Как-то все прониклись идеей, что страны мира соревнуются на одной беговой дорожке. Все бегут в одном направлении «для достижения общего максимального результата», не понимая, что эта гонка изначально сфальсифицирована и никакого соревнования между нациями нет и в помине. Об этом прекрасно сказал Джордже Руффоло, придерживающийся слишком левых взглядов, чтобы современные левые прислушались к его мнению.
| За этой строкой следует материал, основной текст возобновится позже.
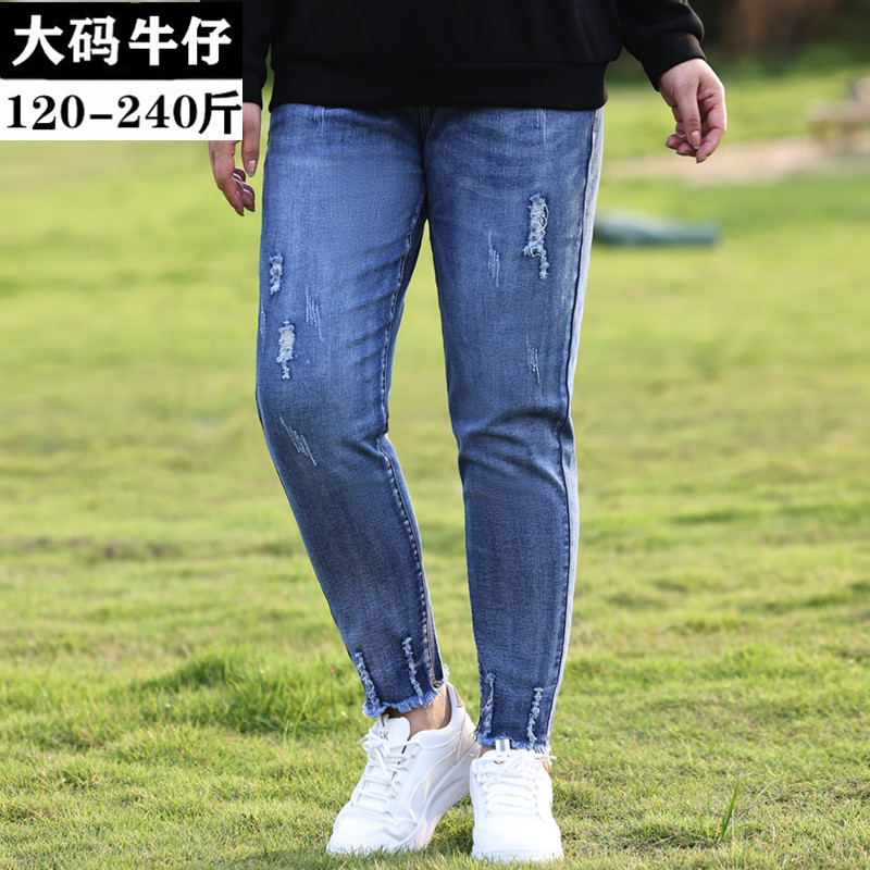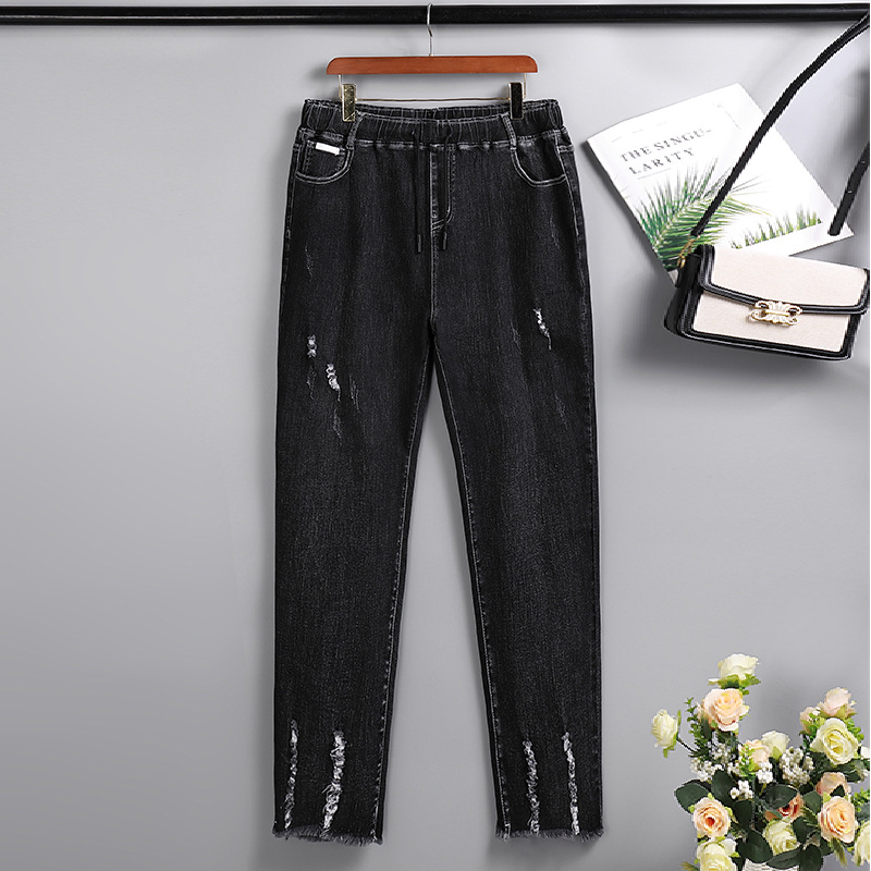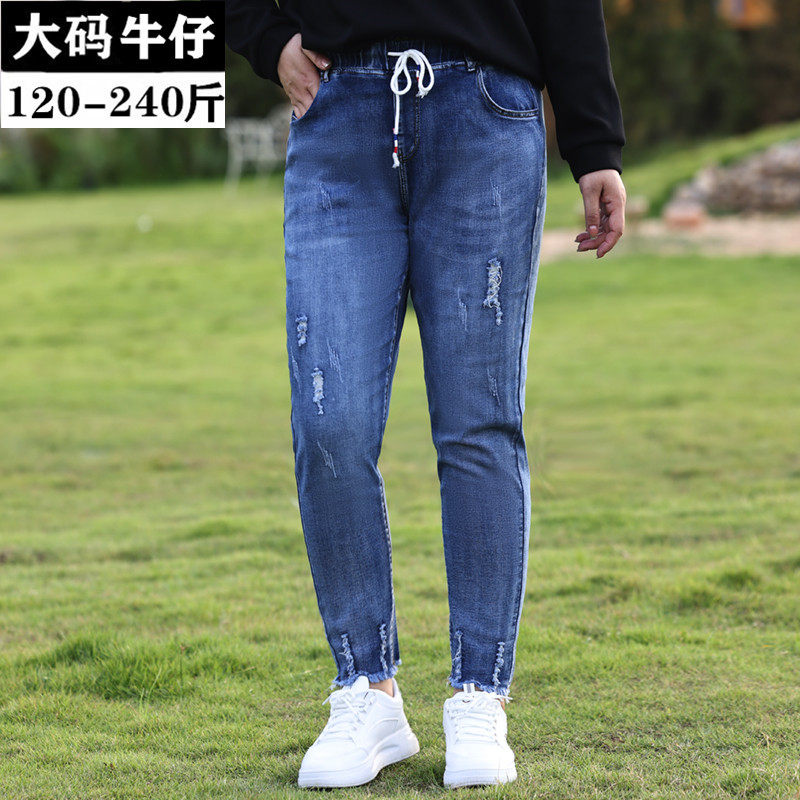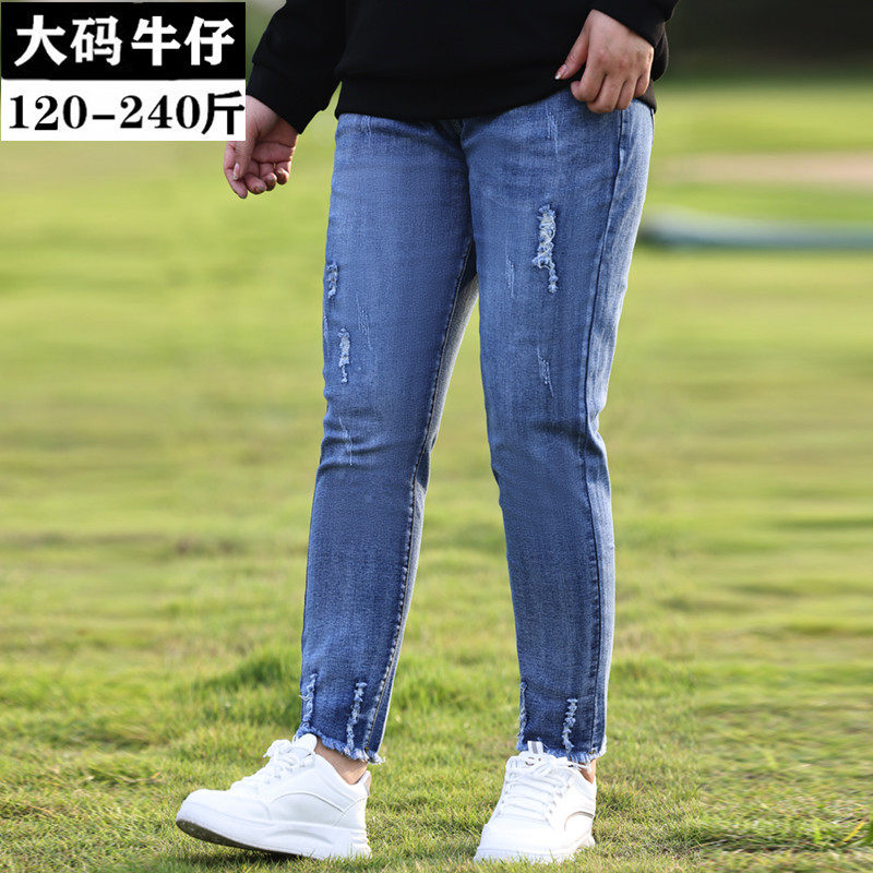 2025春秋加肥加大码胖mm松紧高腰显瘦破洞毛边小脚牛仔裤女 200斤

Если мы возьмем, к примеру, сальдо баланса текущих платежей, то сразу же обнаружим, что «американская экономика со своей чудовищной внешней задолженностью является наименее конкурентоспособной». Если вести речь о честном состязании, то достижения рыночной экономики (высокая производительность, уровень технологической модернизации и т.д.) должны рассматриваться в сочетании с другими компонентами, «которые обеспечивают консолидацию общества, право на труд, развивают образование, здравоохранение, гарантируют безопасность граждан и охрану окружающей среды». А «создание условий для такого гармоничного развития зависит от коллективной политической воли (…) и не может быть отдано на откуп непредсказуемому рынку» (La Repubblica. 2001. 14 авг.). Но в наших ушах постоянно звучала другая песня: всемирная история закончилась, и война с бедностью, как оригинально отметил Фукуяма, «закончилась раз и навсегда поражением бедных». Стоило ли еще терять время на эту переставшую быть актуальной проблему?
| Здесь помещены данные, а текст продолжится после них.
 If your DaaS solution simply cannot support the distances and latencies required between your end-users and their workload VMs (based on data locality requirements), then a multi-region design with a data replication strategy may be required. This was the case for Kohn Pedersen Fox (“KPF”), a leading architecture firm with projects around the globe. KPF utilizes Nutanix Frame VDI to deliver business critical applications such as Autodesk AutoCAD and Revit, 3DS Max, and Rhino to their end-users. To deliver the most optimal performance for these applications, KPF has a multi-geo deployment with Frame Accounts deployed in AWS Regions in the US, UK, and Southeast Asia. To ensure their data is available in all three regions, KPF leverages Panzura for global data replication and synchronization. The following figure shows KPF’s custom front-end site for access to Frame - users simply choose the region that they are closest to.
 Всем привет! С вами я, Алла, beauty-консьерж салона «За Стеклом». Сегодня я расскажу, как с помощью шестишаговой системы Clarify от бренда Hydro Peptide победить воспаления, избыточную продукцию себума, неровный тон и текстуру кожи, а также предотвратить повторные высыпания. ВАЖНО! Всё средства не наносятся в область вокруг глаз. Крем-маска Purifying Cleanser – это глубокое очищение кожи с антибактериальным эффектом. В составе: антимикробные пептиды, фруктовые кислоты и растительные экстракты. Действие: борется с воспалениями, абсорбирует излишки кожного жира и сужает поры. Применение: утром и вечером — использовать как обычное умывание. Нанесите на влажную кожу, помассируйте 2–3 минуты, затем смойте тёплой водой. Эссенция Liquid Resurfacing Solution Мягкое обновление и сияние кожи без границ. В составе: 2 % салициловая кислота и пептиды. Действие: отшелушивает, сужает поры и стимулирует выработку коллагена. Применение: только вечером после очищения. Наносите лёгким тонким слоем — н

Но всемирное шоу продолжалось, постоянно набирая обороты, и становилось все более фантастическим. В том числе и благодаря его американским импресарио, которые превзошли самих себя в увеличении производительности «фабрики грез». Они проявили незаурядную дальновидность, когда практически с самых истоков разработки информационно-коммуникационных технологий взяли их на свое вооружение. Предостережения свыше, даже такие, как катастрофа в Джакарте,унесшая жизни тысяч людей; десять неожиданных испытаний ядерного оружия Индией и Пакистаном; обвал российского рубля и бразильского реала, были просто проигнорированы. Международный валютный фонд (редкое сообщество явных соперников, которые представляют прообраз будущего глобального суперобщества) рассылал своих эмиссаров по всему свету. Они повсюду предлагали одни и те же универсальные рекомендации и выступали за расширение отношений с теми, кто следовал этим рекомендациям. Похвалы удостоились, например, Южная Корея и Таиланд за «впечатляющий рост макроэкономических показателей». Они не замечали, что в обстановке слабого контроля со стороны государства, бессмысленной эйфории, вульгарной некомпетентности и неприкрытых махинаций, совершавшихся под прикрытием лозунга дерегуляции экономики, некоторые корейские предприятия получили на каждый доллар своего капитала по 100 долларов инвестиций из-за рубежа. Так на корейском рынке оказались спекулятивные капиталы в триллионы долларов. Рынки «азиатских тигров», как принято было называть эти страны, раздулись, как воздушные шары. Впрочем, если раздута биржа на Уолл-стрит, то почему это не могут себе позволить биржи Сеула, Бангкока, Сингапура, Куала-Лумпура?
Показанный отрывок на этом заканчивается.